2. Macaron Hommage an die Pfalz

3. Dampfnudel und Woisoss4. Kingfish (Hamchi) als Cevice mit Tomate und Jalapeño

5. Gegrillter Aal als Hommage an die Winzer

6. Lachforelle Ikejime mit Kürbis, Bergamotte und Verveine

7. Schweinebauch und Kimchi

8. Verbrannter Kohl mit Gomasio und Imperial Kaviar

9. Falscher Marshmellow Gintense und Tonic

10. Alte Kuh trocken gereift mit bitteren Salaten und Ponzu

11. Ziegenkäsecrème mit Aprikose und geräucherter Schokolade

12. Beeren aus der Region mit Lavendel und Vanilleeis

13. Macaron Hommage an die Pfalz
14. Gequellde mit weißen Kees

Natürlich ist es zu früh für eine seriöse Kritik. Doch hat der frühe Besuch sehr gute Einblicke geboten. Im Vergleich zu meinem Besuch im Urgestein zum Ende des dortigen Peifer’schen Wirkens, fallen einige Veränderungen auf. Ich bin sehr positiv überrascht und angetan. Bedenken hatte ich, dass es zu “intense” sein könnte. Schließlich wollte Peifer im Urgestein viel und hat stets Vollgas gekocht – eine Leistungsschau von Menübeginn an und bei nahezu jedem Gang. Im Vorfeld hatte das Konzept “Intense”, das bereits vor der Location-Suche feststand, als noch mehr Konzentration und noch mehr Umami in meinem Kopf herumgespukt – beispielsweise ließ sich Peifer von Schwarzwald Miso eine besonders intensive Misopaste herstellen.

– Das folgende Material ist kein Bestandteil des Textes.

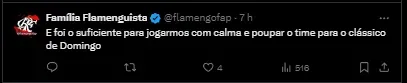 O comandante deixou claro que os dois primeiros gols foram erros da sua equipe que o Mengão se aproveitou. “Temos que melhorar muitas coisas, o maior erro que cometemos foi marcar dois gols nós mesmos. Foram erros nossos que o Flamengo aproveitou, que nos levaram a ter um pouco mais de insegurança e eles tiveram tranquilidade”, disse.
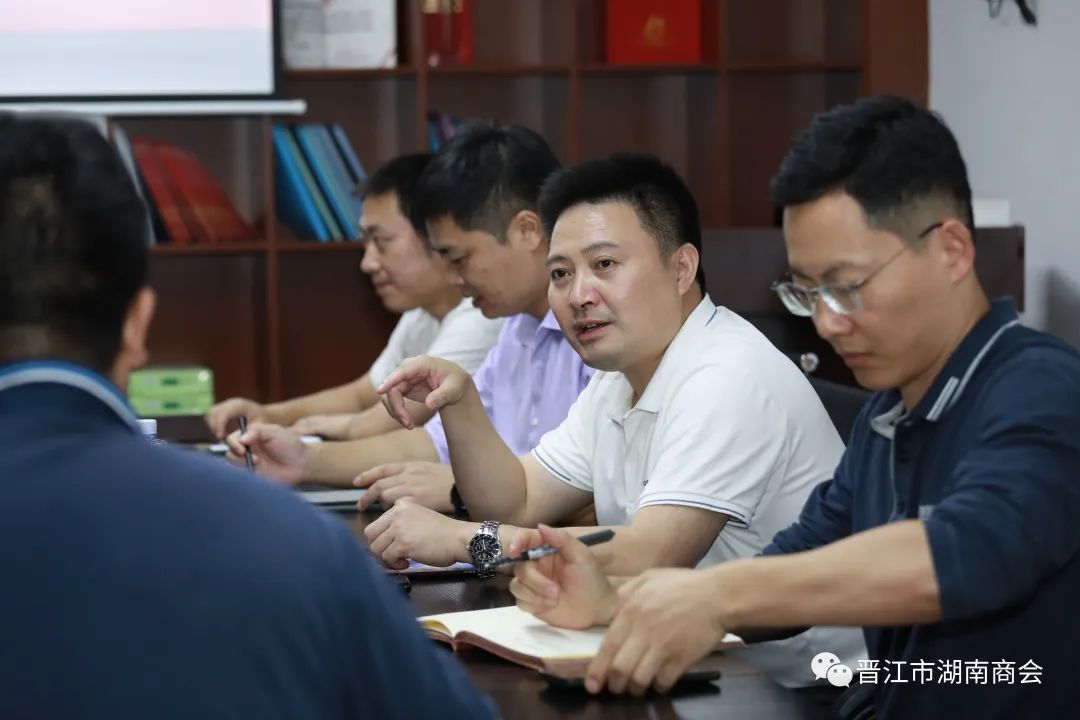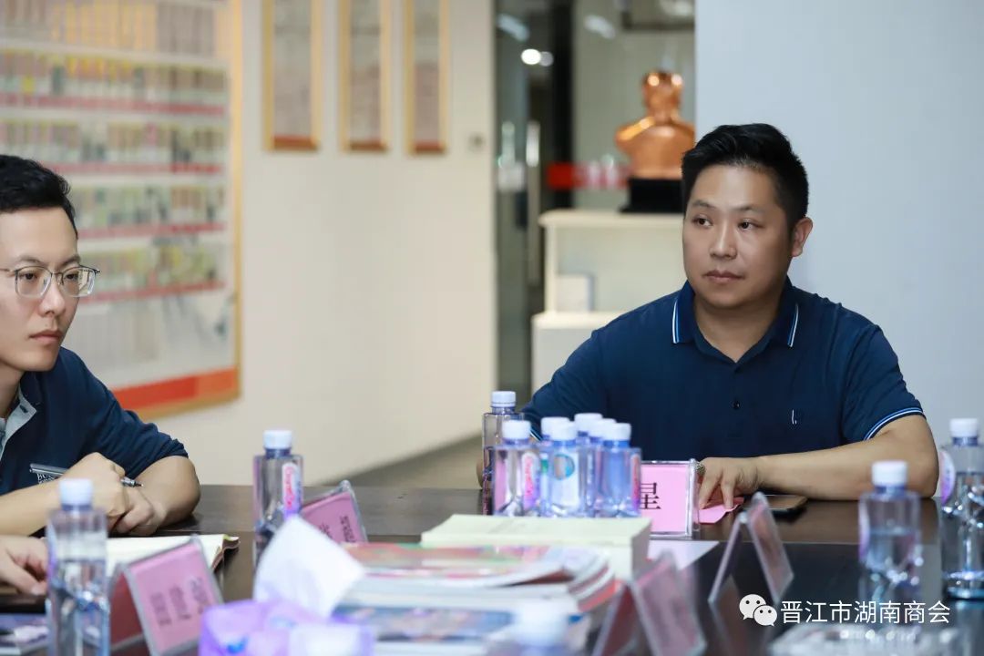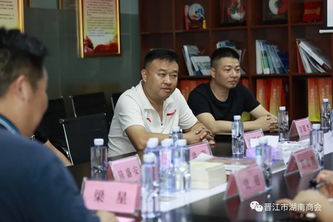 晋江市湖南商会执行会长洪珣;名誉会长兼秘书长姚固军;党支部书记荣豹;常务副会长蒋孟良(拟任);执行秘书长梁星随行接待。优秀湘贤陈盛安、贺超杰与会。
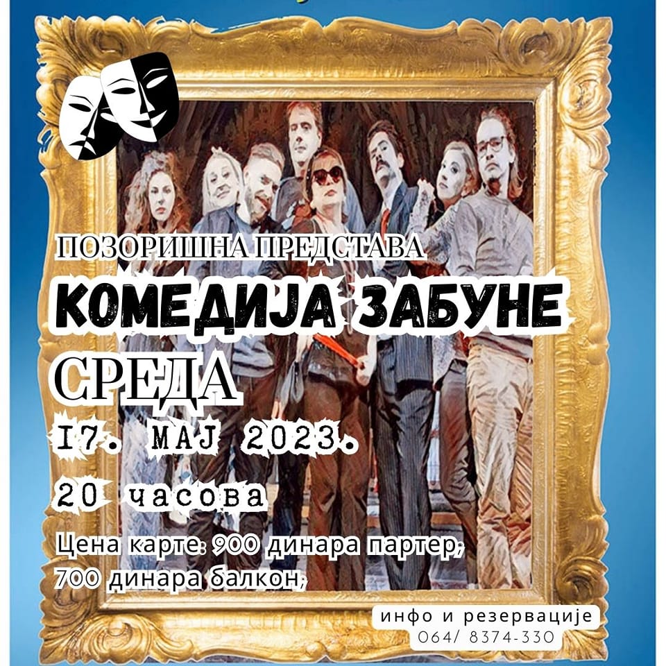 Pozorišna predstava “Komedija zabune“ biće odigrana u velikoj pozorišnoj sali Sportsko-kulturnog centra “Obrenovac“ u sredu, 17. maja sa početkom u 20.00 sati.
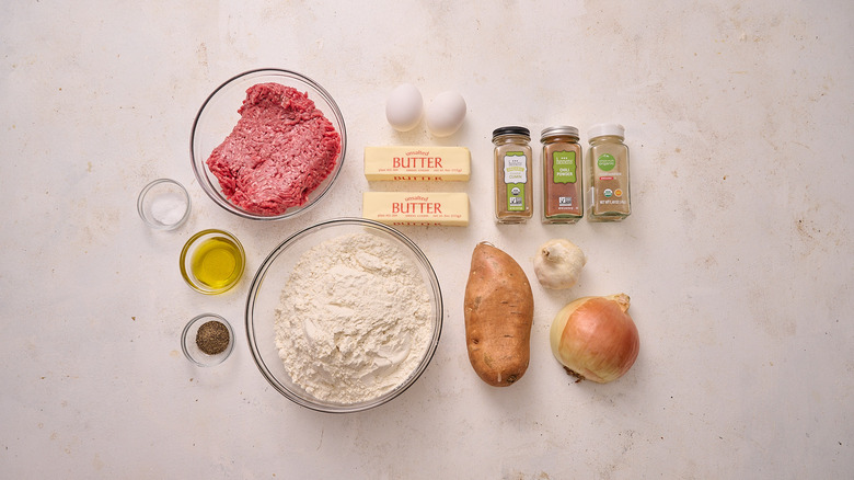 Gathering ingredients for crispy baked beef and sweet potato empanadas
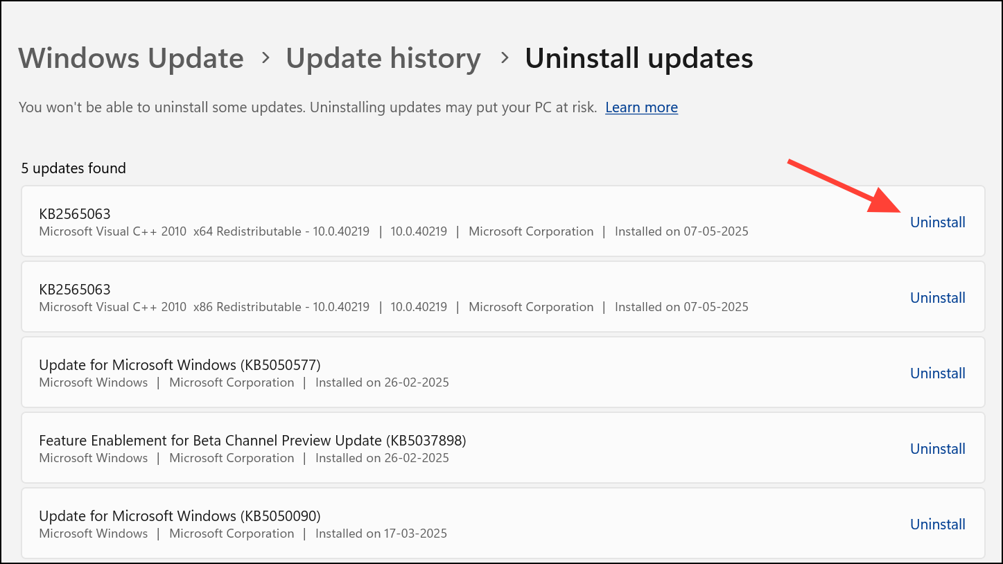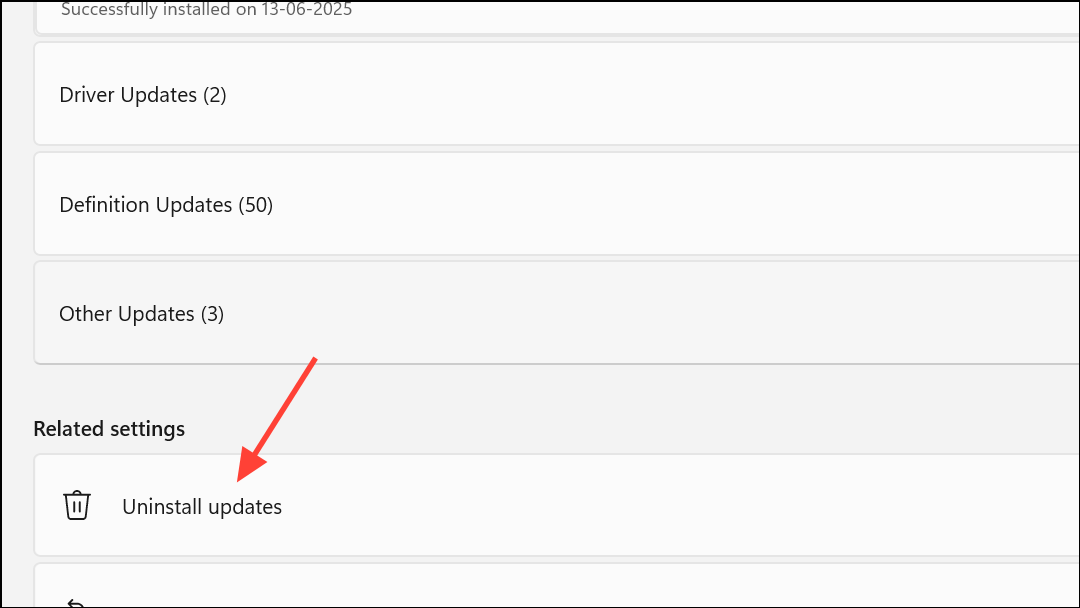 Крок 2:НатиснітьView update historyа потім виберітьUninstall updates.
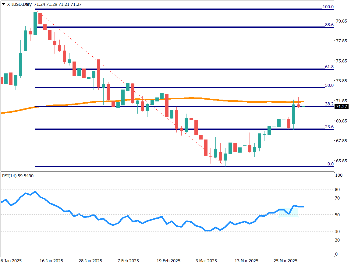 意識されている72日移動平均線を上回れば、半値に該当する73ドル付近を目指して上昇を継続する可能性がある。関税発表やロシアとの交渉のニュースが入るたびに大きなボラティリティとなる。本日、明日未明の動きには十分注意したい。
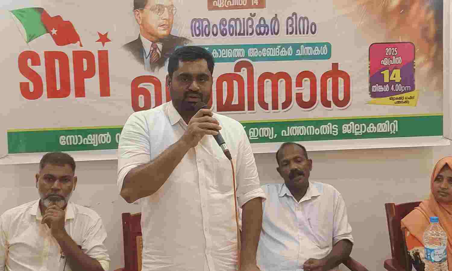 പത്തനംതിട്ട: ഏപ്രിൽ 14 അംബേദ്കർ ദിനത്തിൽ എസ്ഡിപിഐ പത്തനംതിട്ട ജില്ലാ കമ്മിറ്റിയുടെ നേതൃത്വത്തിൽ ഫാസിസ്റ്റ് കാലത്തെ അംബേദ്കർ ചിന്തകൾ എന്ന വിഷയത്തിൽ സെമിനാർ സംഘടിപ്പിച്ചു. ജില്ലാ പ്രസിഡന്റ് എസ് മുഹമ്മദ് അനീഷ് സെമിനാർ ഉദ്ഘാടനം ചെയ്തു. ജില്ലാ വൈസ് പ്രസിഡന്റ് എം ഡി ബാബു അധ്യക്ഷത വഹിച്ചു. ജില്ലാ ജനറൽ സെക്രട്ടറി ഓർഗനൈസർ അൻസാരി മുട്ടാർ, ജില്ലാ സെക്രട്ടറിമാരായ ഷെയ്ക്ക് നജീർ, ഷഫ്ന റാഷിദ്, ജില്ലാ ട്രഷറർ ഷാജി കോന്നി, ജില്ലാ സെക്രട്ടറിയേറ്റ് അംഗം സിയാദ് നിരണം, ജില്ലാ കമ്മിറ്റി അംഗങ്ങളായ ബിനു ജോർജ്, അംജിത മോൾ, ആറന്മുള മണ്ഡലം പ്രസിഡന്റ് എസ് മുഹമ്മദ് റാഷിദ് സംസാരിച്ചു.
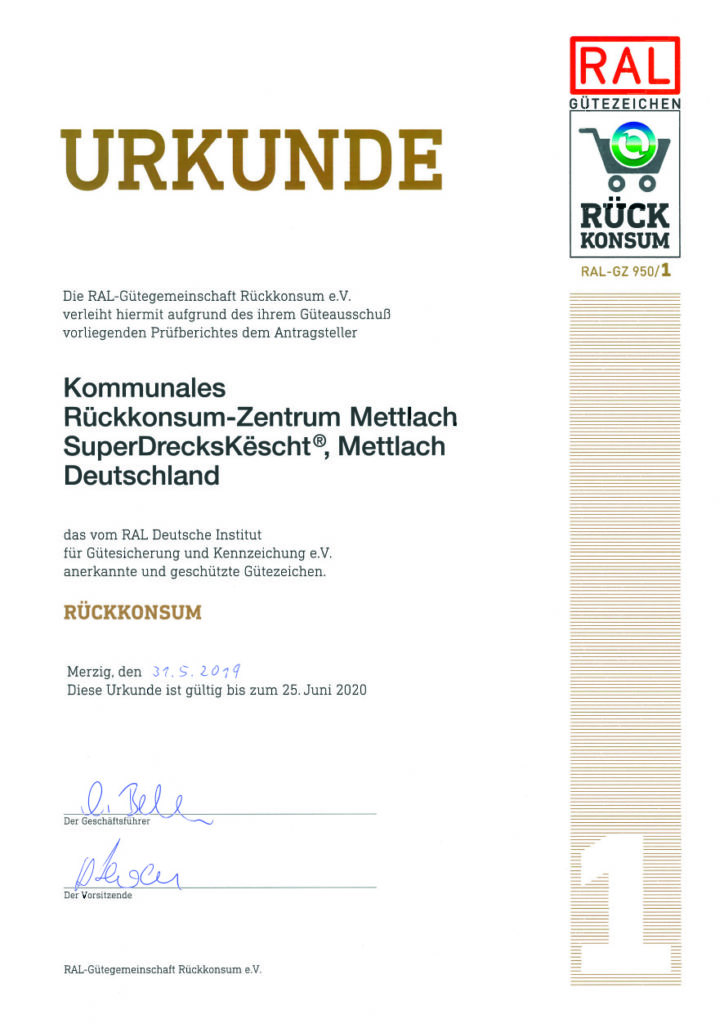 Das kommunale Rückkonsumzentrum der Gemeinde Mettlach ist mit dem RAL-Gütezeichen für innovativen und vorbildlichen Umgang mit Altprodukten von Bürgern ausgezeichnet worden.

Doch Benjamin Peifer vollzieht das Intensive im Intense auf einer anderen Ebene. Mit einem stimmigen, intimen Setting. Mit einem Menü, das Dynamik bietet und sich auch mal an leisere Töne heranwagt. Den leisen Tönen hilft auch der verstärkte Einsatz von Säure und Kräutern. Das wirkt belüftend, transparent und nimmt dem Essen die Schwere.

Ein Gast, so erzählt der Jungunternehmer, habe bemerkt, Peifers Küche sei erwachsener geworden. Da ist etwas dran: es wirkt souveräner und entspannt, ohne Knalleffekte, ohne Zuviel in ein Gericht packen zu wollen. Noch konsequenter als bisher verwendet Peifer lokale Produkte und hat die Lieferbeziehungen zu deutschlandweit und global tätigen Großlieferanten gekappt. Und wir sitzen beim Genuss nicht auf der Schulbank: Die Fokusverschiebung auf regionale Produkte läuft unangestrengt ab und ist an keiner Stelle belehrend.

Mit regionalen Geschmacksbildern beschäftigt sich Peifer weiterhin und bricht sie gerne beherzt auf. Es tauchen alte Bekannte wie die Gequellde, eine knuspirige Kartoffelscheibe mit Schale und cremigem Käse oder der Pfälzer Macaron mit Forelle und Merrettich auf. Doch läßt es sich der Pfälzer nicht nehmen, seine Vorliebe für asiatische Aromen im neuen Kontext einzubringen. Warum auch nicht? Schließlich ist der aromatische Weg vom Pfälzer Sauerkraut zu koreanischem Kimchi kulinarisch nicht unendlich weit weg. Wenn dann noch der regionale Schweinebauch, langsam gegart, hinzukommt, funktioniert das großartig. Das ist schmissig und mutig gewürzt, aber von kulinarischer Relevanz, getragen von besten Produkten.

Dass er nicht in die Ferne schweifen muss, zeigen Produkte wie fester, frischer Kingfish und auf japanische Weise getötete Lachsforelle, die mit Saftigkeit und – nun gut – Intensität punktet. Beides stammt aus Pfälzer Zuchtbetrieben. Vielleicht nicht das “leckerste” Gericht des Abends war der Aal. Dafür zeigt der Gang zeigt, wie konsequent und detailliert im Intense gedacht und gemacht wird. Vom Weinrebenblatt über Traubenkernmehl bis Verjus; der Aal über Rebholz gegrillt, dazu frische Weintrauben und Rosinen: Der Geschmack intensiv, asiatisch und dabei ein wenig andersartig – das ist Nahrung auch für den Kopf.15. Frühstück to go Erinnerung an den Abend

Eigentlich möchte ich noch mehr über Produzenten und Lieferanten erfahren. Sie am nächsten Tag besuchen und für zuhause einkaufen. Doch erst einmal gibt es für den nächsten Morgen ein köstliches Brot. Zum Mitnehmen, weil der gelernte Bäcker kein Brot während seines Menüs serviert. Der angenehme Sättigungsgrad am Ende dankt es ihm.

Wir werden weiter von Benjamin Peifer und seinem kleinem Team im Intense hören. Wer Lust auf einen Besuch hat, sollte sich sputen: Die Nachfrage übersteigt schon jetzt das Platzangebot im urigen Restaurant von echten Typen.

One thought on “Restaurant Intense, Kallstadt

  1. Klingt wirklich mehr als verlockend. Und die Bilder wecken auch eine ordentliche Neugierde. Am Besten gefällt mir der kleine Ausflug in den eigenen Dialekt: S`werd gesse, was uff de Disch kummt”. Ein wenig schmunzeln ist ja nie verkehrt. 😉

    Abendliche Grüße und vielleicht verschlägt es uns ja auch einmal dorthin.